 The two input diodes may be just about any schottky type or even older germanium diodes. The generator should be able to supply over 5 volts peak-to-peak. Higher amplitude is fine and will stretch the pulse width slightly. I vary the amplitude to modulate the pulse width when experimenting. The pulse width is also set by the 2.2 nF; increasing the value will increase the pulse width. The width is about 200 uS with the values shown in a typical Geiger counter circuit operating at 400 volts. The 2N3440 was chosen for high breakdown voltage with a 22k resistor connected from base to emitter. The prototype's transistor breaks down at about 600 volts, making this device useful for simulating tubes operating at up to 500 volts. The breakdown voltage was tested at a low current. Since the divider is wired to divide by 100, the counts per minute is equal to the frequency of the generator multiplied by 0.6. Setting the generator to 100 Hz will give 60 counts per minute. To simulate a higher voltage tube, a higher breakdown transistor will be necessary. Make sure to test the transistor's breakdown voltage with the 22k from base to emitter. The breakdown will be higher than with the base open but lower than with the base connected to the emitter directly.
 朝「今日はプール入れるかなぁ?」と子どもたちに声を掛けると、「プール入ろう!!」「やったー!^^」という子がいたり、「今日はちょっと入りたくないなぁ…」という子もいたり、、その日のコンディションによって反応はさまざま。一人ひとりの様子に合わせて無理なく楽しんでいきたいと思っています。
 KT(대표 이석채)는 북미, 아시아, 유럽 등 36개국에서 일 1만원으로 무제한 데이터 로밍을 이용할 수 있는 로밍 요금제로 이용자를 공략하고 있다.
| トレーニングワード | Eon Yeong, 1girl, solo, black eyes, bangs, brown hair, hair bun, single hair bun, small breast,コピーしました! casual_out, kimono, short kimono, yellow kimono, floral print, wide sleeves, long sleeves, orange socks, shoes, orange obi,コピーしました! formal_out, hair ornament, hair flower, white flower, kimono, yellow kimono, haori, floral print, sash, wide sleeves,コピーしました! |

········

### REQUIRED WORK:
Your task is to repeat the data exactly; please include every line.

### REPLY:
 The two input diodes may be just about any schottky type or even older germanium diodes. The generator should be able to supply over 5 volts peak-to-peak. Higher amplitude is fine and will stretch the pulse width slightly. I vary the amplitude to modulate the pulse width when experimenting. The pulse width is also set by the 2.2 nF; increasing the value will increase the pulse width. The width is about 200 uS with the values shown in a typical Geiger counter circuit operating at 400 volts. The 2N3440 was chosen for high breakdown voltage with a 22k resistor connected from base to emitter. The prototype's transistor breaks down at about 600 volts, making this device useful for simulating tubes operating at up to 500 volts. The breakdown voltage was tested at a low current. Since the divider is wired to divide by 100, the counts per minute is equal to the frequency of the generator multiplied by 0.6. Setting the generator to 100 Hz will give 60 counts per minute. To simulate a higher voltage tube, a higher breakdown transistor will be necessary. Make sure to test the transistor's breakdown voltage with the 22k from base to emitter. The breakdown will be higher than with the base open but lower than with the base connected to the emitter directly.
 朝「今日はプール入れるかなぁ?」と子どもたちに声を掛けると、「プール入ろう!!」「やったー!^^」という子がいたり、「今日はちょっと入りたくないなぁ…」という子もいたり、、その日のコンディションによって反応はさまざま。一人ひとりの様子に合わせて無理なく楽しんでいきたいと思っています。
 KT(대표 이석채)는 북미, 아시아, 유럽 등 36개국에서 일 1만원으로 무제한 데이터 로밍을 이용할 수 있는 로밍 요금제로 이용자를 공략하고 있다.
| トレーニングワード | Eon Yeong, 1girl, solo, black eyes, bangs, brown hair, hair bun, single hair bun, small breast,コピーしました! casual_out, kimono, short kimono, yellow kimono, floral print, wide sleeves, long sleeves, orange socks, shoes, orange obi,コピーしました! formal_out, hair ornament, hair flower, white flower, kimono, yellow kimono, haori, floral print, sash, wide sleeves,コピーしました! |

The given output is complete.